Discorso diverso per quanto riguarda le fasi puzzle. Al di là di alcune sezioni, in cui abbiamo dovuto semplicemente muovere il nostro alter ego all'interno delle ambientazioni evitando ostacoli e torrette, il grosso del gameplay di Peregrin è rappresentato dai puzzle e dagli enigmi. Interagendo con dei particolari "totem" è possibile attivare un'area all'interno della quale prendere il possesso di tre tipi diversi di creature. Ognuna ha delle capacità uniche che vanno combinate per superare ogni scenario. Il nostro obiettivo è ovviamente quello di scoprire come incastrare al meglio ogni elemento per poter passare oltre.
A conti fatti la protagonista diventa un semplice tramite le cui azioni sono piuttosto limitate. Tra massi da spostare, interruttori con cui interagire, ostacoli da distruggere o oggetti da spostare, gli enigmi vivono inevitabilmente di alti e bassi spaziando tra momenti di puro backtracking con più scenari collegati tra loro ad altri in cui è importante l'interazione con l'ambiente e con la tecnologia ormai abbandonata dello spartiacque. Una meccanica e un'idea molto interessante anche se non sempre sfruttata al meglio.
La presenza di un maggior numero di creature con situazioni più diversificate e magari la possibilità di sfruttarne la possessione anche durante i combattimenti avrebbe indubbiamente aggiunto una profondità notevolmente maggiore al gameplay. Non separare completamente le fasi con i nemici e quelle puzzle avrebbe garantito un salto di qualità non indifferente a un titolo che a tratti sembra accontentarsi della propria meccanica principale e di situazioni che troppo spesso danno la sensazione di essere troppo omogenee.
Buono il lavoro svolto sia a livello visivo sia per quanto riguarda l'audio. Lo stile utilizzato ci mette di fronte a quelle che sembrano a tutti gli effetti delle concept art in movimento e l'impatto complessivo si rivela piuttosto interessante, anche se i singoli modelli di creature e nemici non fanno di certo gridare al miracolo. Più che sufficiente il lavoro sulle musiche, che tra melodie solamente discrete e alcuni alti davvero importanti si rivelano in media piuttosto ben riuscite.
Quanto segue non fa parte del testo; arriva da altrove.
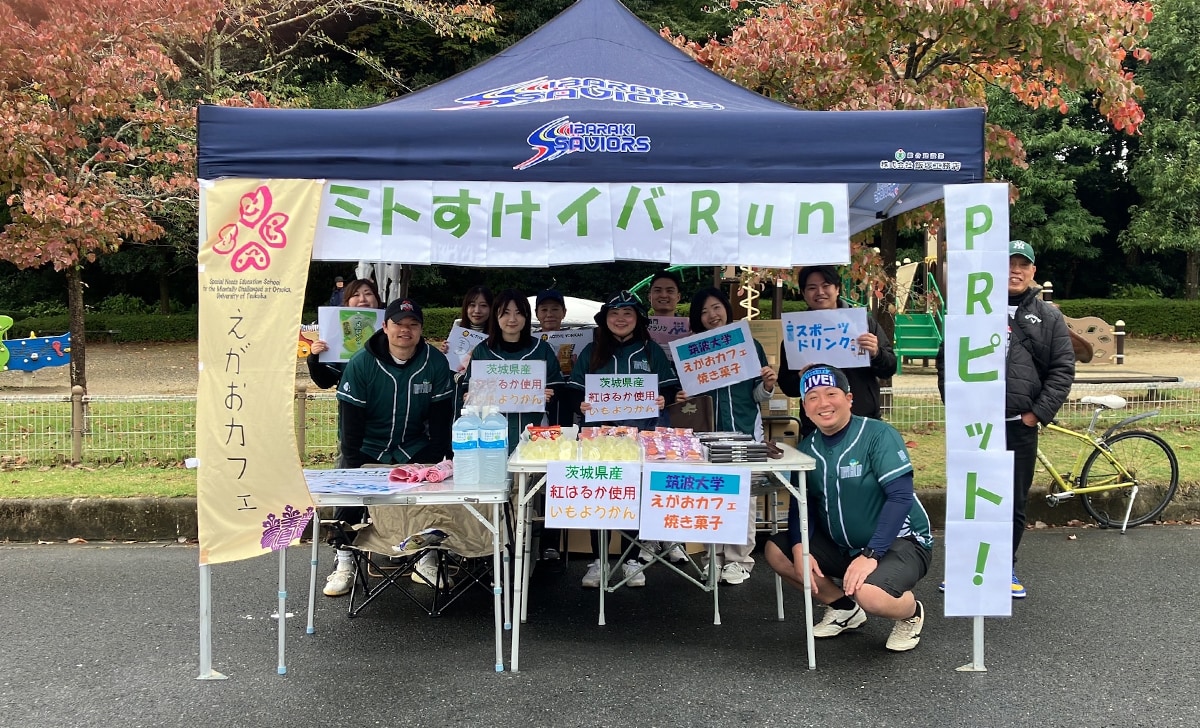 ランナーの皆さまへ茨城県産品、筑波大付属特別支援学校が運営する「えがおカフェ」の焼き菓子を配布し、茨城県の魅力と特別支援学校の活動を発信しました。

Notevole, invece, il doppiaggio completamente in lingua inglese (localizzato in un italiano non sempre perfetto, ma comunque lodevole per una produzione indipendente).
La dimostrazione lampante che un concept azzeccato non basta per dare vita a un capolavoro? Peregrin dà effettivamente la sensazione di essere almeno in parte un'occasione persa, uno dei più classici "ha talento ma non si applica". L'idea di basare l'intera avventura della giovane Abi sulla possibilità di possedere creature e nemici per risolvere rispettivamente enigmi e combattimenti è assolutamente vincente, ma non sempre realizzata al meglio. Manca quella complessità in più che avrebbe permesso al lavoro di Domino Digital di andare oltre la natura di "semplice" buon gioco.
Così com'è, l'avventura vissuta in circa 4 ore di gioco non è di certo da bocciare o da dimenticare. La storia di questa particolare versione dell'umanità si basa su una mitologia realizzata con una certa cura e chi ama i puzzle-game ed è alla ricerca di un titolo diverso dal solito troverà sicuramente pane per i propri denti e l'occasione per sperimentare una meccanica diversa dal solito seppur imperfetta nell'esecuzione.
Questi ragazzi hanno comunque parecchie frecce al loro arco e il potenziale per fare il salto di qualità definitivo. Peregrin rimane una curiosa favola tutta da scoprire, una parabola sulla presunzione e sulla scelleratezza dell'umanità, troppo spesso irrispettosa nei confronti di forze decisamente superiori e di tutto ciò che la circonda. Un tema quanto mai attuale e delicato perché, in fondo, il fantasioso mondo tratteggiato in questo videogioco non è troppo lontano dal rispecchiare ciò che siamo attualmente.